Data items

====================

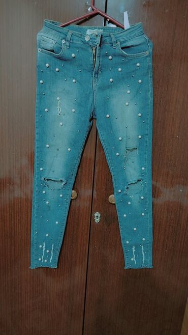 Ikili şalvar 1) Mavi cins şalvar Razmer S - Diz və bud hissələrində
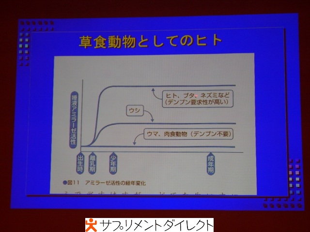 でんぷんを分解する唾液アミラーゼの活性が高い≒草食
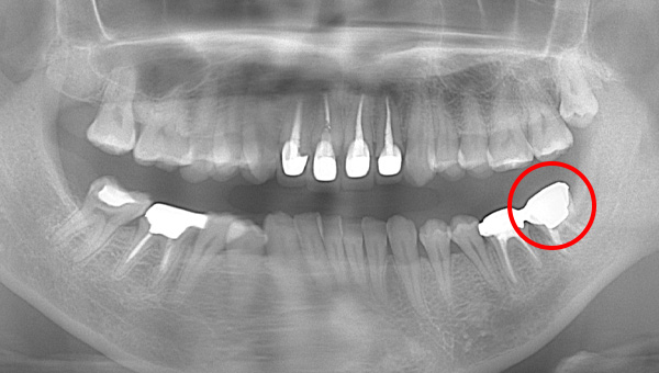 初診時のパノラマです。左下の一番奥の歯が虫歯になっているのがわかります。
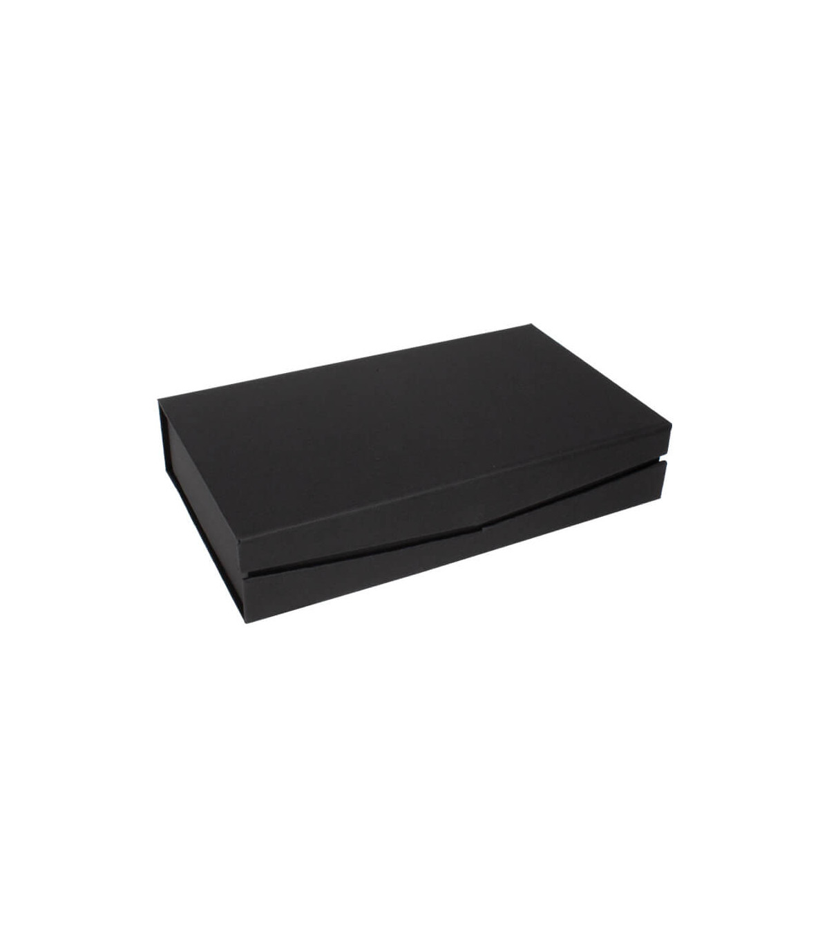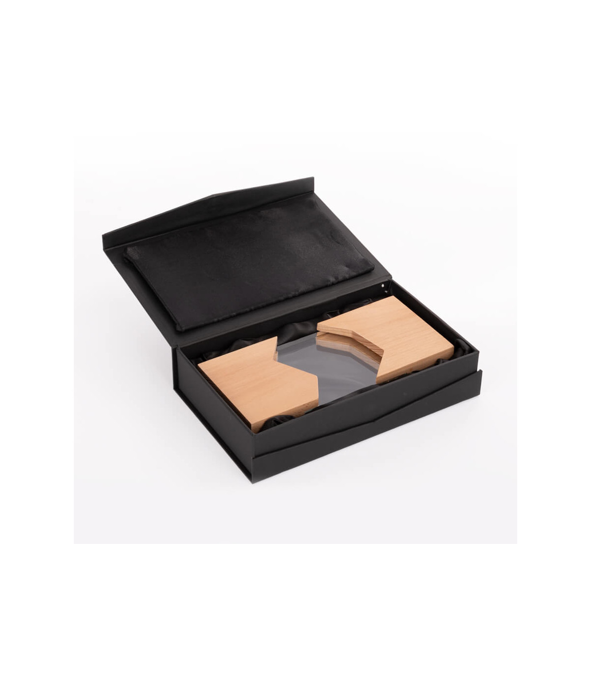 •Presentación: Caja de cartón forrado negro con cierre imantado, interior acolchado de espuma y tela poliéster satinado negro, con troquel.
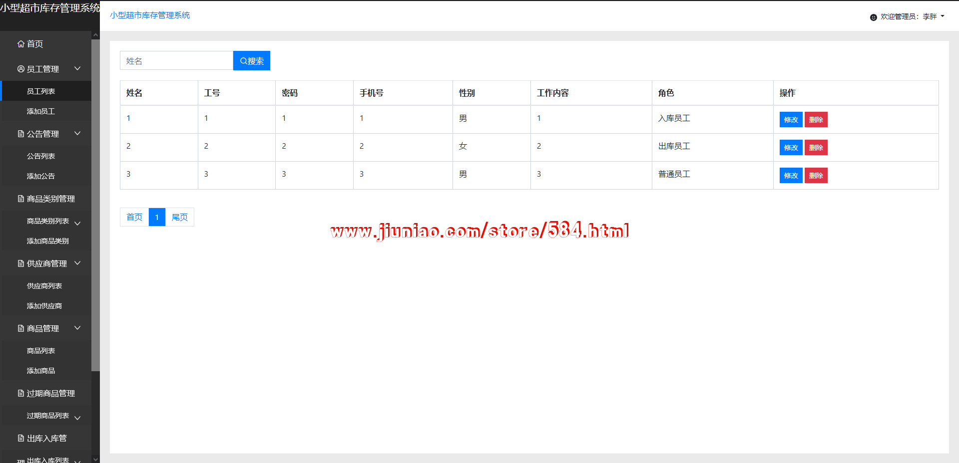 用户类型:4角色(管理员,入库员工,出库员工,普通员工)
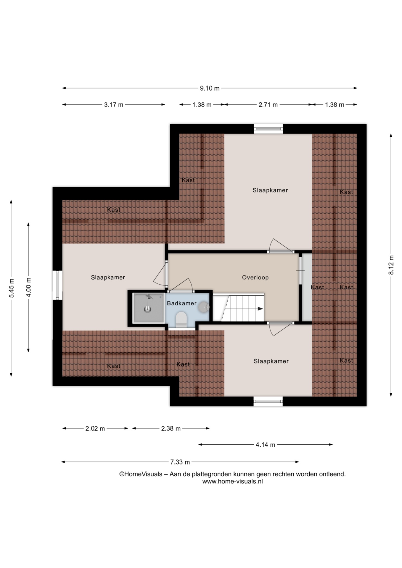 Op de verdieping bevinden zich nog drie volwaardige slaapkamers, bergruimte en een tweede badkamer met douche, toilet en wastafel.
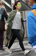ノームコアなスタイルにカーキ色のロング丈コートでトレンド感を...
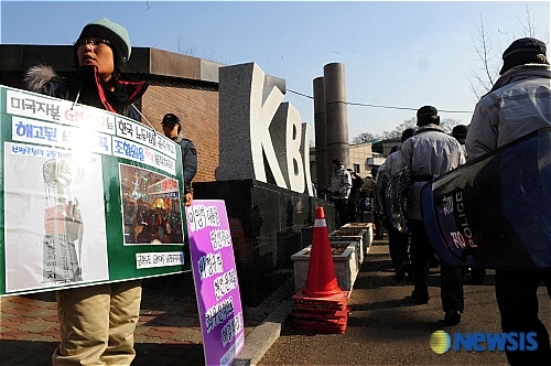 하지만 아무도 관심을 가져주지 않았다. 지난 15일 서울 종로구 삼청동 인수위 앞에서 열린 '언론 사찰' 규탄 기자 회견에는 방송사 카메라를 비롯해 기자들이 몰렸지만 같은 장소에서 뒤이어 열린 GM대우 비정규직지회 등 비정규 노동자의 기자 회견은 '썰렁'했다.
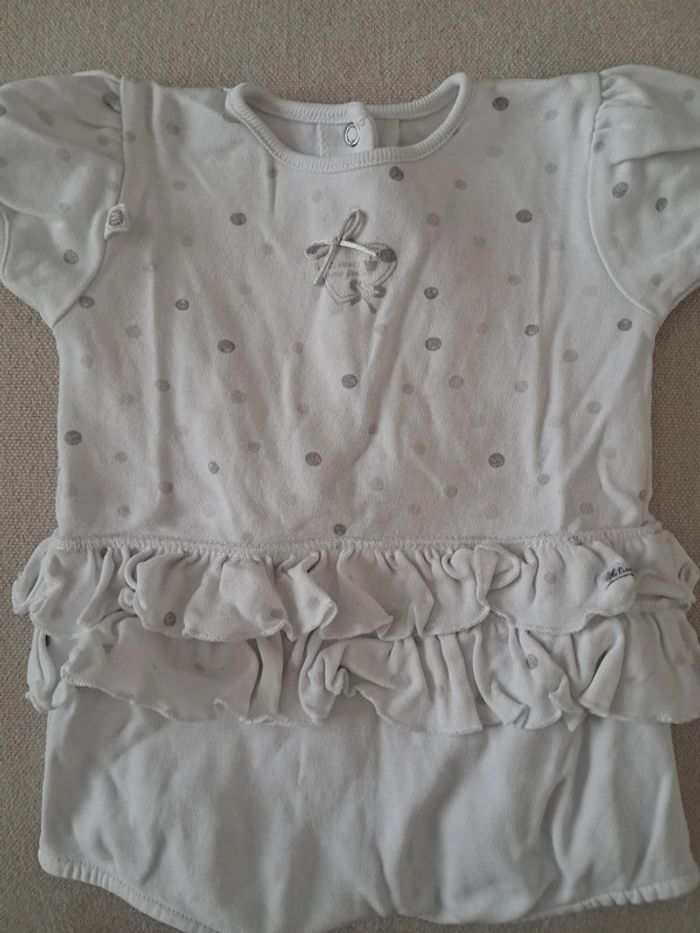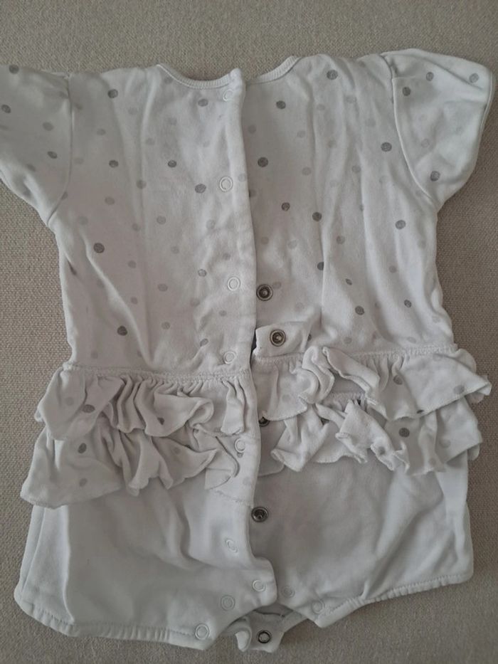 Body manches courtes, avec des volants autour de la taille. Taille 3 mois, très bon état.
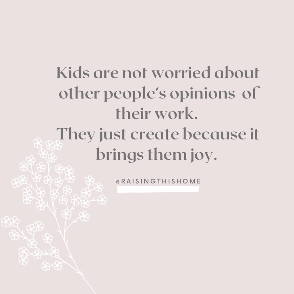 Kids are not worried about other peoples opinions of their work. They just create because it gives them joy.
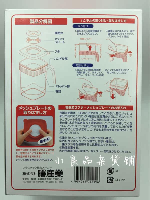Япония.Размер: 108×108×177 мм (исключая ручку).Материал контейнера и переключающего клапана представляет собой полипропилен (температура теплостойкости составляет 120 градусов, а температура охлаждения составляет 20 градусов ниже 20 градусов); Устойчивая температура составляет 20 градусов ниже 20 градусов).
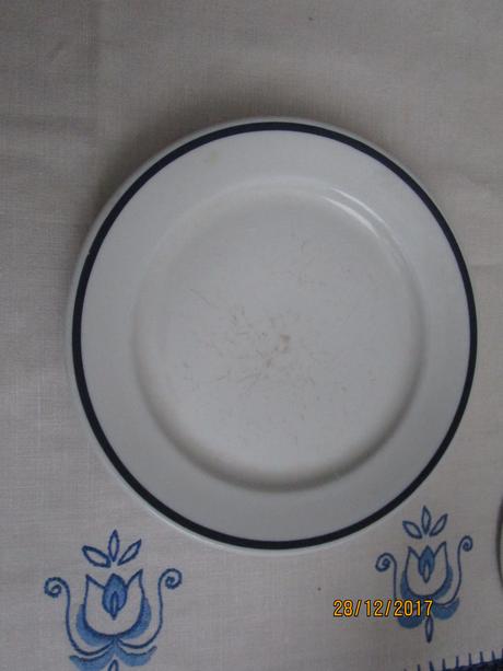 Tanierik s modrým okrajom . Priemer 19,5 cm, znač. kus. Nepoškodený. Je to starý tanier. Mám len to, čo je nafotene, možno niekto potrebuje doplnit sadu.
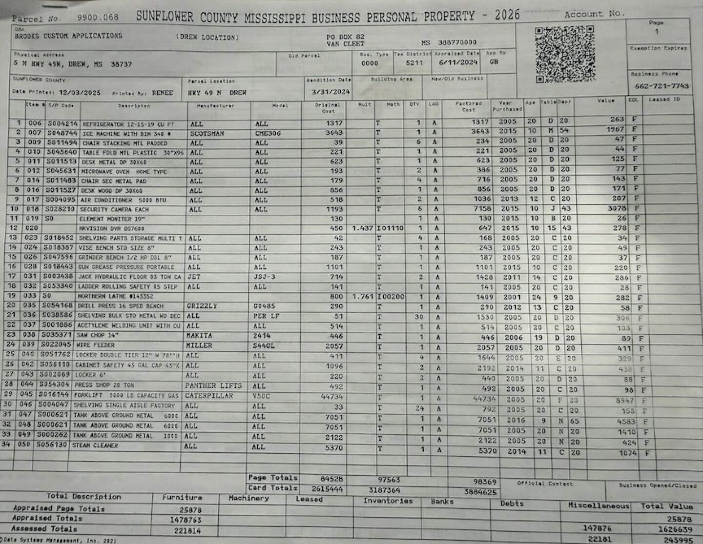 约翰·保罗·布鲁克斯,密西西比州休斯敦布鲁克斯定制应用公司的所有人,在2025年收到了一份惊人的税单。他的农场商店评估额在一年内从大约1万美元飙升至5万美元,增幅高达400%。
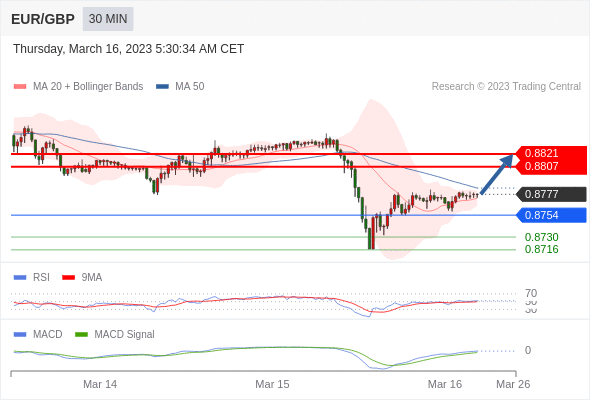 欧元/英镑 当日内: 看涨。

====================

* [YOUR ASSIGNMENT]
All lines above starting at the one with "でんぷんを分解する唾液アミラーゼの活性が高い≒草食" and ending at the one with "用户类型:4角色(管理员,入库员工,出库员工,普通员工)", inclusive, are to be printed again exactly, with the pictures left out.

* [SOLUTION TO THE EXERCISE]
 でんぷんを分解する唾液アミラーゼの活性が高い≒草食
 初診時のパノラマです。左下の一番奥の歯が虫歯になっているのがわかります。
 •Presentación: Caja de cartón forrado negro con cierre imantado, interior acolchado de espuma y tela poliéster satinado negro, con troquel.
 用户类型:4角色(管理员,入库员工,出库员工,普通员工)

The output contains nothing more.